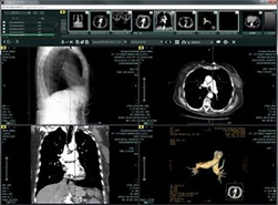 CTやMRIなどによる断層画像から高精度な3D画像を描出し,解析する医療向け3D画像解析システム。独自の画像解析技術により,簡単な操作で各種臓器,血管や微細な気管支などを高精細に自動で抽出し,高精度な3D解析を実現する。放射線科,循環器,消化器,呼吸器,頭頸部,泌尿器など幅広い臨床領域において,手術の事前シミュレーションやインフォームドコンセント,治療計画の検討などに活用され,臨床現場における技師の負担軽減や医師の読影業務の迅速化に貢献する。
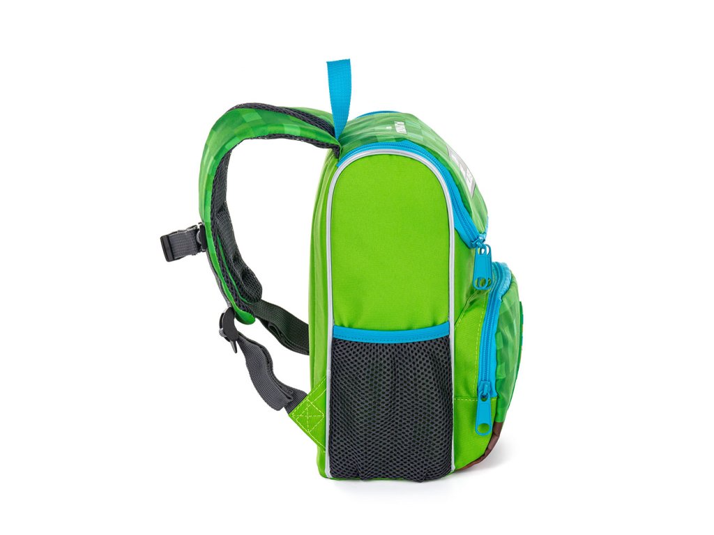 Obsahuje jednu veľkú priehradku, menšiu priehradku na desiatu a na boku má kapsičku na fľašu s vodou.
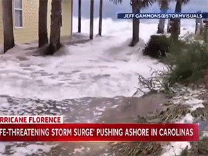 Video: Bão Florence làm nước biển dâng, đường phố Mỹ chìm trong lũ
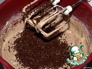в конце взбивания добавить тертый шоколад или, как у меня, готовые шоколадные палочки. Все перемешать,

..............................

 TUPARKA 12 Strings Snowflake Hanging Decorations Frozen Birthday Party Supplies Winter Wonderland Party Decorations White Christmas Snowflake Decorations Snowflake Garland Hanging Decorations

..............................

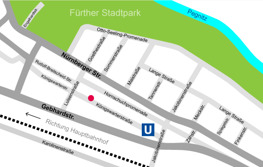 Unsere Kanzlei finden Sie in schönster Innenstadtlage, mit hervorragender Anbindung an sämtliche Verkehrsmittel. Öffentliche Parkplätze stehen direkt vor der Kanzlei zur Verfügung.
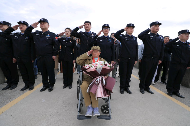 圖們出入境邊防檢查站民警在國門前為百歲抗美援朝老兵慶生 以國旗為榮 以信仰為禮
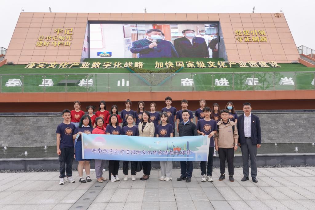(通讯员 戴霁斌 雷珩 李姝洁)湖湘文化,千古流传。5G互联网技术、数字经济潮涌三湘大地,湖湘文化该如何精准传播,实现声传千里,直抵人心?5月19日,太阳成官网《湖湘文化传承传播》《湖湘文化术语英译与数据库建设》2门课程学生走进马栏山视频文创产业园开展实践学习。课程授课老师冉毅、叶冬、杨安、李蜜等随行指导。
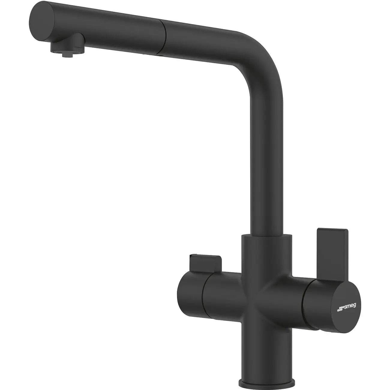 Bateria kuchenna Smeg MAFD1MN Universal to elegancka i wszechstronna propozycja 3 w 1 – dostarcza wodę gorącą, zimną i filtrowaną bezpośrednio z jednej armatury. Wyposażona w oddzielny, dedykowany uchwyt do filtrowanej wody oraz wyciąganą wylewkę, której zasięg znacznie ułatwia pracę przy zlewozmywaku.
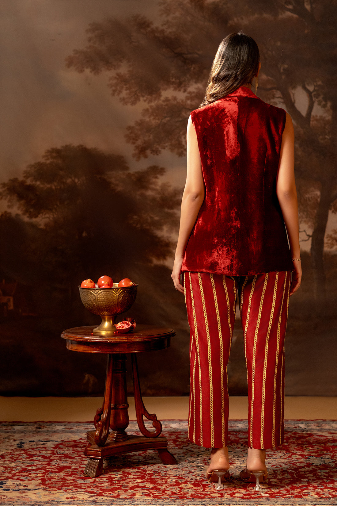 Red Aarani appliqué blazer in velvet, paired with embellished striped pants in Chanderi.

..............................

== Your task ==
Reproduce exactly the lines above starting at the line containing "Video: Bão Florence" and ending at the line containing "в конце взбивания", including both, but not the pictures.

== Exercise output ==
 Video: Bão Florence làm nước biển dâng, đường phố Mỹ chìm trong lũ
в конце взбивания добавить тертый шоколад или, как у меня, готовые шоколадные палочки. Все перемешать,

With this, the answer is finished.